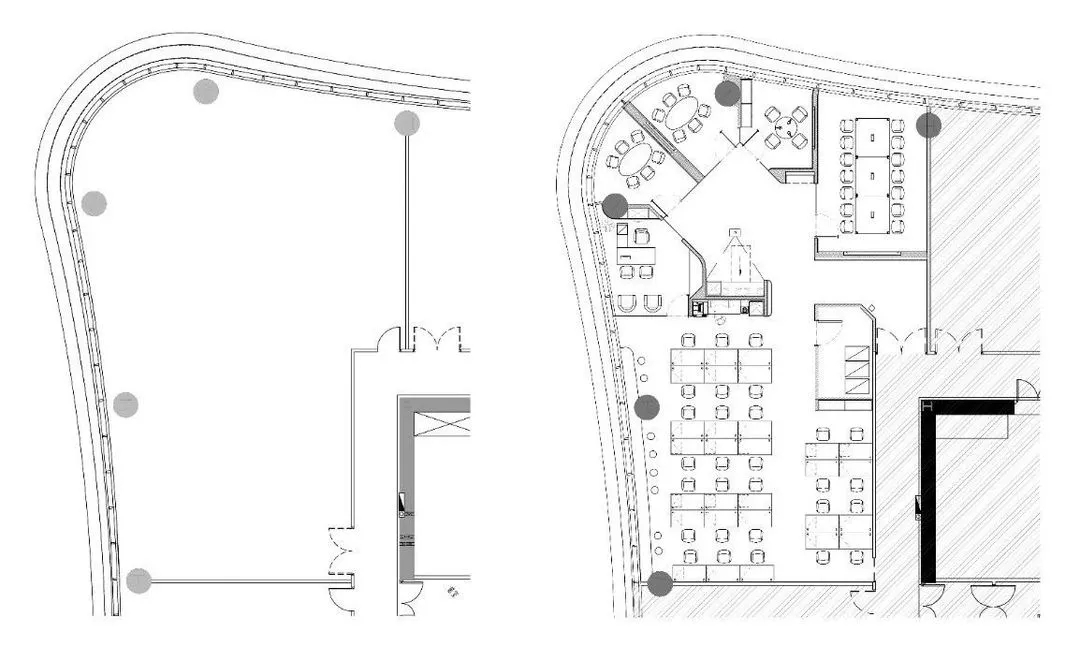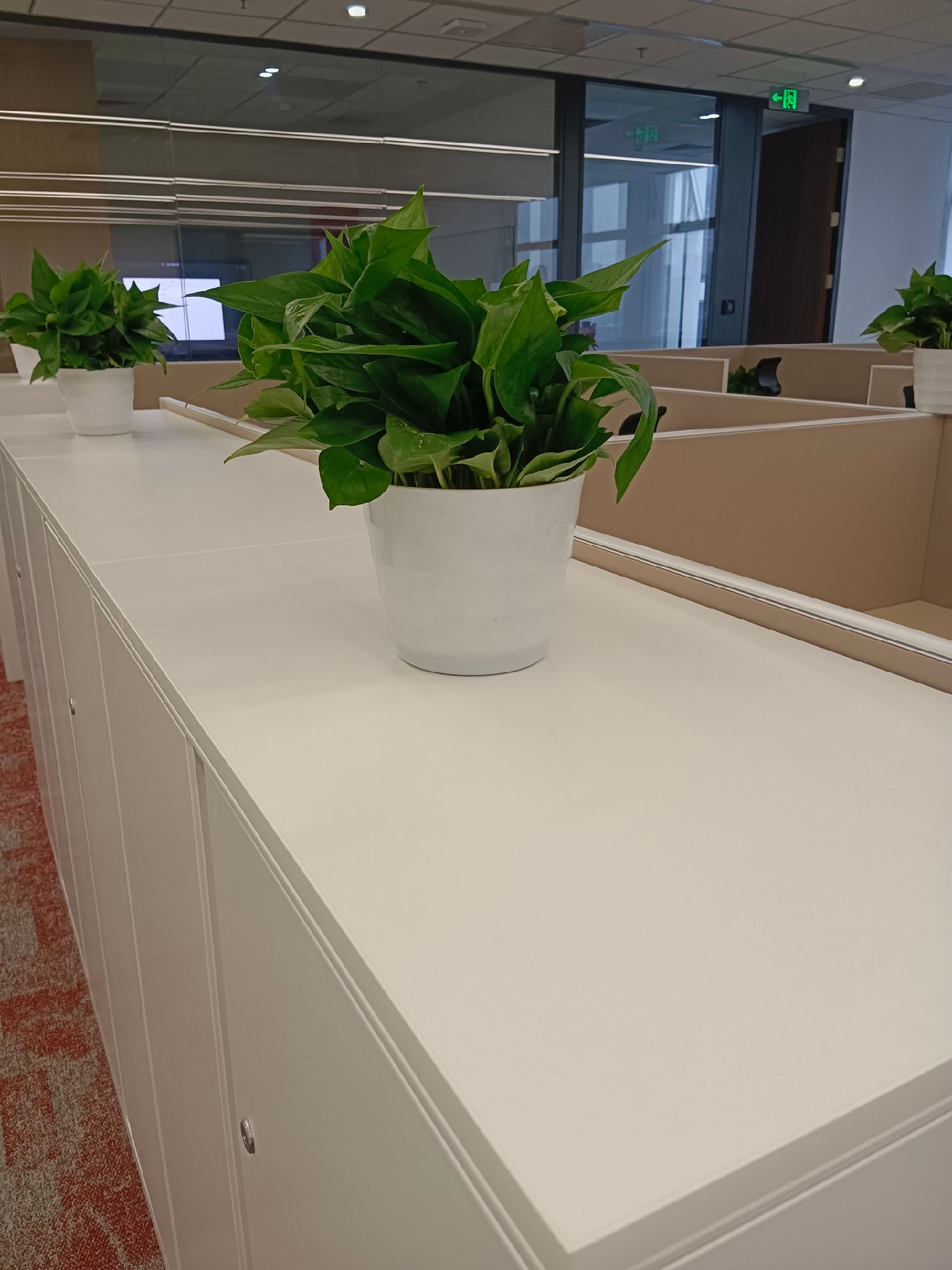 中间的多功能双面茶水柜两侧分别针对不同的使用群体,同时起到了对内对外的空间分割,不到顶的设计,也让空间看起来更加的流通。
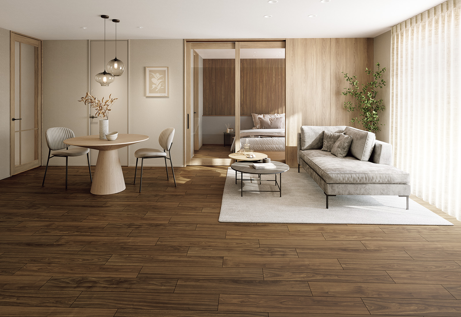 - ●複数の柄パターンで、ムクの風合いと深みを表現します。施工時には仮並べを行い、部屋全体の色・柄のバランスをご確認ください。
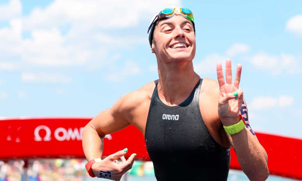 Seconda piazza per la trentunenne francese Aurélie Muller (57’53″8), evidentemente abbonata all’argento essendoselo messo al collo in quattro campionati mondiali diversi (2011, 2017, 2019, 2022), senza mai vincere un oro preso due volte nella distanza doppia a Kazan 2015 e Budapest 2017.
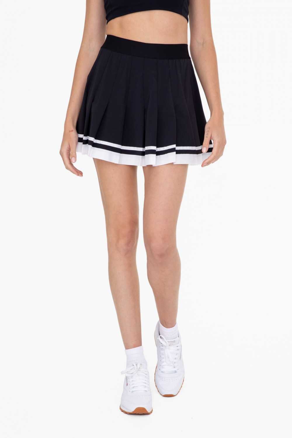 Crafted with perfect pleats, this tennis skirt features a contrast stripe trim in a high end grosgrain ribbon and built in undershorts with pockets for coverage and convivence.
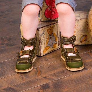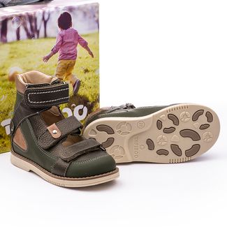 Эти ортопедические туфли с закрытым носом разработаны для коррекции стоп при вальгусной деформации, а также для профилактики плоскостопия. Применение данной модели рекомендовано детям при наличии сформировавшихся деформаций. Жесткий фиксирующий задник увеличенной высоты и возможность регулировки полноты тремя застежками велкро обеспечивают необходимую фиксацию голеностопа в правильном положении. Многослойная, анатомическая стелька со сводоподдерживающим элементом для правильного формирования стопы. Широкий, устойчивый каблук, специальной конфигурации - каблук Томаса. Подкладка из кожи теленка без швов. Кожа теленка обладает повышенной износостойкостью в сочетании с мягкостью и отличной способностью пропускать воздух для создания оптимального температурного режима (нога не потеет). Туфли изготовлены из гладкой кожи модного оттенка хаки с металлическим отливом в сочетании с деталями коричневого цвета и защитным покрытием на носке.Внимание! Фактический цвет изделия может незначительно отличаться от цвета на фотографии в связи с особенностями цветопередачи различных цифровых устройств. None
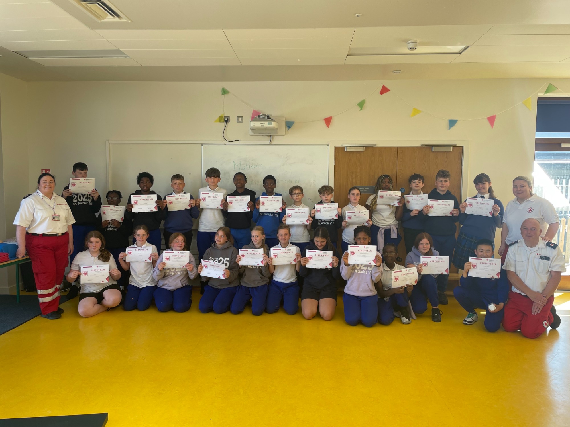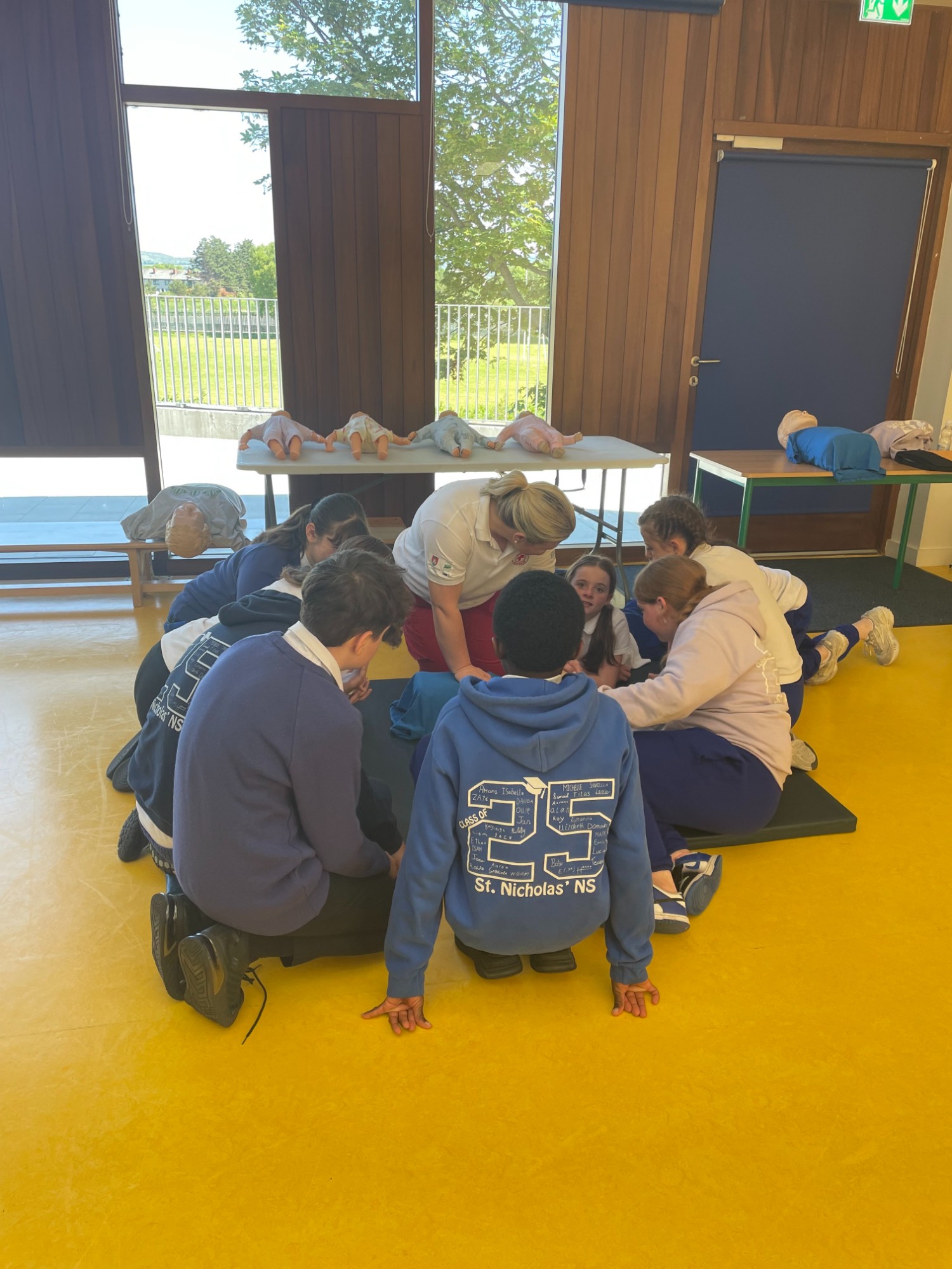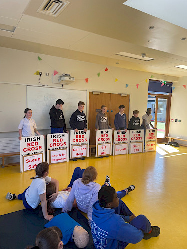 21 maja szósta klasa wzięła udział w bardzo pouczającej sesji szkoleniowej z oddziałem Irlandzkiego Czerwonego Krzyża w Dundalk. Uczniowie nauczyli się ważnych umiejętności życiowych, takich jak wykonywanie resuscytacji krążeniowo-oddechowej, co zrobić, gdy dziecko się dławi, jak ułożyć osobę w pozycji do odpoczynku i wiele więcej. Uczniowie wzięli udział w zajęciach praktycznych i quizach sprawdzających ich wiedzę. Każdy uczeń otrzymał certyfikat i torbę ze słodyczami. Chcielibyśmy podziękować Patowi i jego wspaniałemu zespołowi za poświęcenie czasu na przyjście i nauczenie nas dzisiaj. Szkolenie bardzo nam się podobało.

What to produce:
The answer must consist only of the lines from the beginning of the entries above through the line that holds "Crafted with perfect", reproduced exactly and without pictures.

Response below:
 中间的多功能双面茶水柜两侧分别针对不同的使用群体,同时起到了对内对外的空间分割,不到顶的设计,也让空间看起来更加的流通。
 - ●複数の柄パターンで、ムクの風合いと深みを表現します。施工時には仮並べを行い、部屋全体の色・柄のバランスをご確認ください。
 Seconda piazza per la trentunenne francese Aurélie Muller (57’53″8), evidentemente abbonata all’argento essendoselo messo al collo in quattro campionati mondiali diversi (2011, 2017, 2019, 2022), senza mai vincere un oro preso due volte nella distanza doppia a Kazan 2015 e Budapest 2017.
 Crafted with perfect pleats, this tennis skirt features a contrast stripe trim in a high end grosgrain ribbon and built in undershorts with pockets for coverage and convivence.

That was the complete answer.